Does your company use employee separation agreements? If not, there are some compelling reasons for doing so. We have encapsulated some of them below, presented as five ways employee separation agreements can protect your business. If you have any questions about such agreements, you would be wise to consult an attorney.
1. Establishing the Grounds for Separation
Some terminations are the result of a mutual and amicable agreement between employer and employee. Others are the result of disciplinary action by the employer or unhappiness on the employee's end. One of the benefits of an employee separation agreement is that it establishes the grounds for separation. This can be very helpful to your business in the event that a former employer decides to litigate.
Note that a separation agreement can't infringe on an employee's right to participate in EEOC investigations or bring claims of improper conduct against the employer, but it can act as favorable evidence in the event of a claim.

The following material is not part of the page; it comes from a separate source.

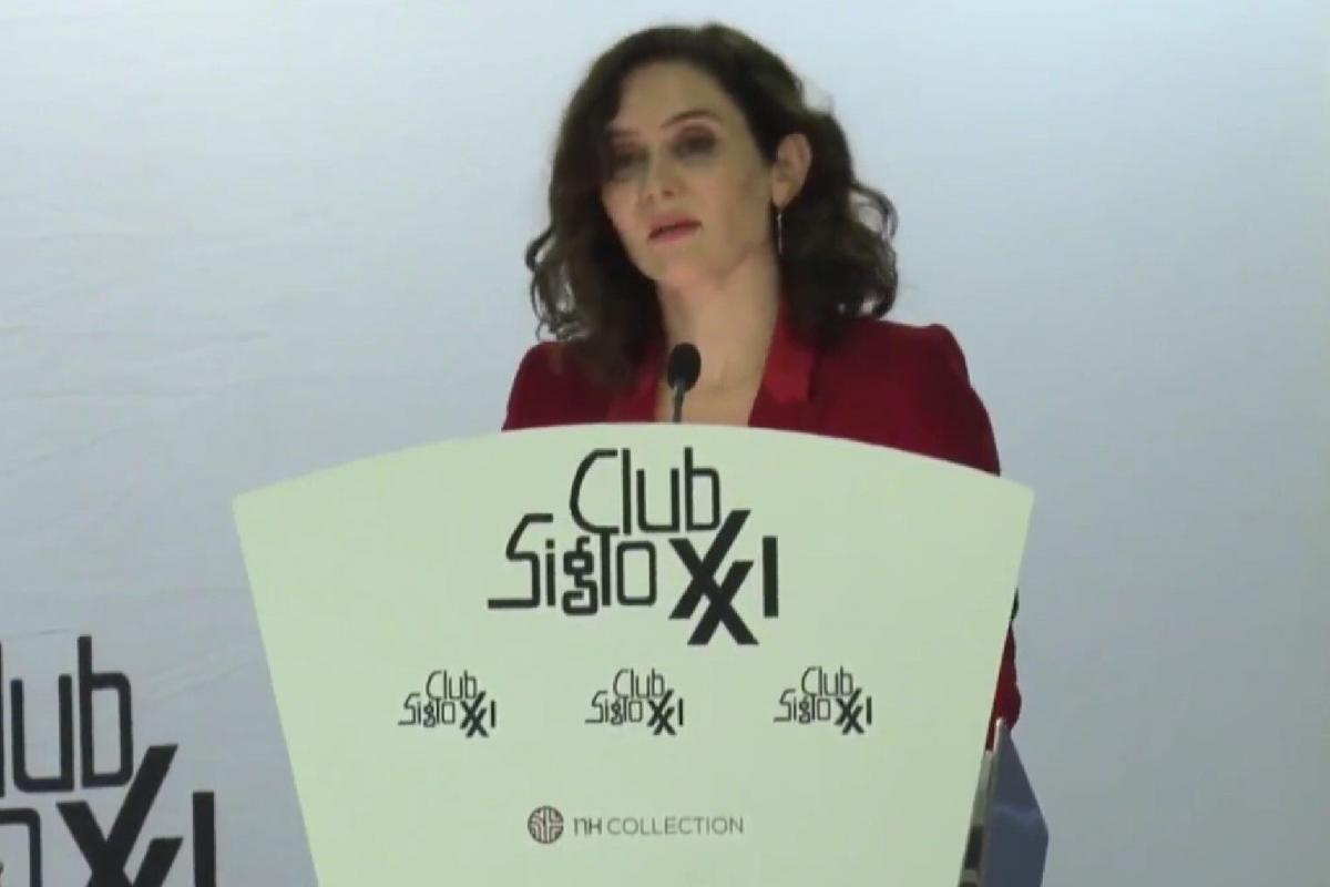 La presidenta madrileña, en el evento del Club Siglo XXI, no entró a fondo a valorar la manifestación sanitaria de este domingo en Madrid y tiró de argumentario clásico para sacar a jugar a “los crímenes de ETA”.

2. Detailing Any Compensation Offered
Next, an employee separation agreement can protect your business by laying out, in detail, any compensation offered at the time of separation. We are talking things like severance pay and extended company benefits here. The thing about compensation is that it has to be recorded and reported in whatever year it is paid out. Including it in the separation agreement provides yet another piece of evidence proving that your company has met its obligations under the law.

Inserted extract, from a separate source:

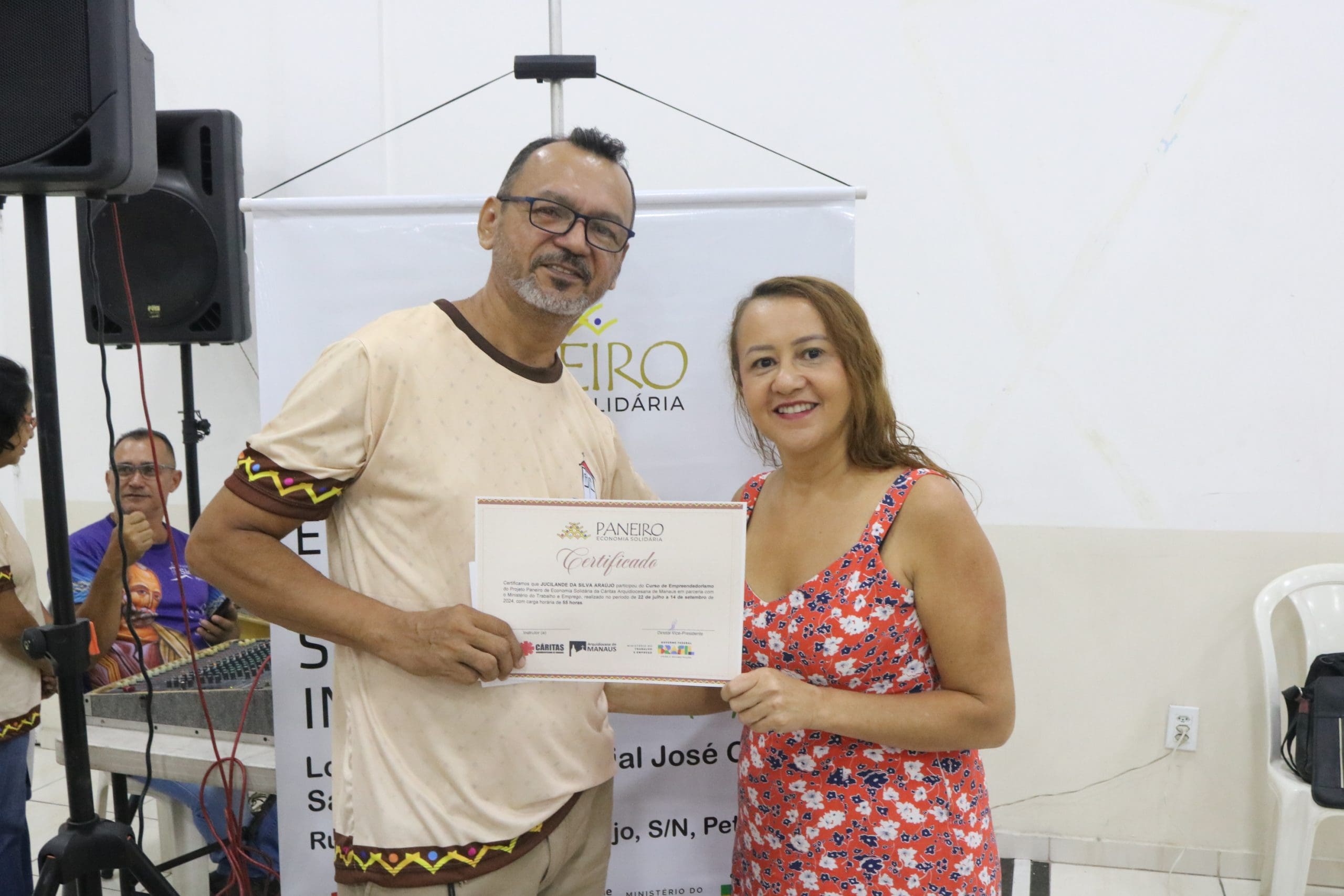 Na noite desta terça-feira, 24 de setembro, o Projeto Paneiro da Cáritas Arquidiocesana de Manaus realizou um seminário sobre Economia Popular Solidária, em parceria com a Paróquia São Pedro Apóstolo, Paróquia São Francisco de Assis e o Alternativo de Petrópolis. O evento, que aconteceu no salão pastoral da Paróquia São Pedro, contou com a presença de alunos dos cursos realizados em parceria com as instituições.

3. Establishing Non-Compete Agreements
The last three benefits are all tied to a former employee's behavior after leaving your company. We will start with a non-compete agreement, an agreement that stipulates that the departing employee cannot use the knowledge and skills gained while in your employ to compete against you in the marketplace for a specific amount of time. The benefit here should be obvious. You do not need a former employee going to work for the competition and helping that company with skills and knowledge he gained while employed by you.
4. Establishing Non-Disclosure Agreements
Hand-in-hand with non-compete is non-disclosure. Your employee likely has company information deemed private, confidential, and critical to the success of your company. You can use a separation agreement to stipulate that the employee is not allowed to divulge that information with anyone else. Examples of protected information would include customer lists, company finances, trade secrets, and the like.

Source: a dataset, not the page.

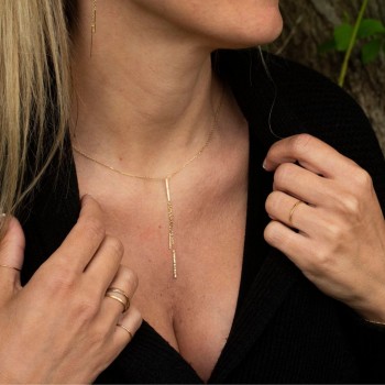 Ce collier en Y est orné de trois fils en Or 375/1000 à la texture grunge, façonnée à la main pour révéler un aspect volontairement rugueux, presque patiné par le temps. Chaque détail évoque la beauté de l’imparfait, comme un écho aux bijoux anciens chargés d’histoire. Une création singulière, idéale pour celles qui aiment les pièces de caractère au style intemporel.

5. Establishing Non-Disparagement Agreements
Finally, a separation agreement can stipulate what the employee can and cannot say about your company following separation. The intent here is to prevent a former employee from disparaging your company, thereby injuring your hard-earned reputation. Non-disparagement agreements generally cover things like general employment practices, business practices, the reasons for separation, etc.
As good as employee separation agreements are, companies must exercise caution when using them. The SEC, EEOC, and IRS all tend to take unfavorable views of the agreements for their own reasons. Any such agreement your company might draft should be reviewed by an experienced attorney before being used. Furthermore, the agreement should be updated from time to time to reflect changes in the law.
If your company is not yet using employee separation agreements, you might want to look into it. They are very good tools for protecting your company's interests when circumstances dictate employee separation.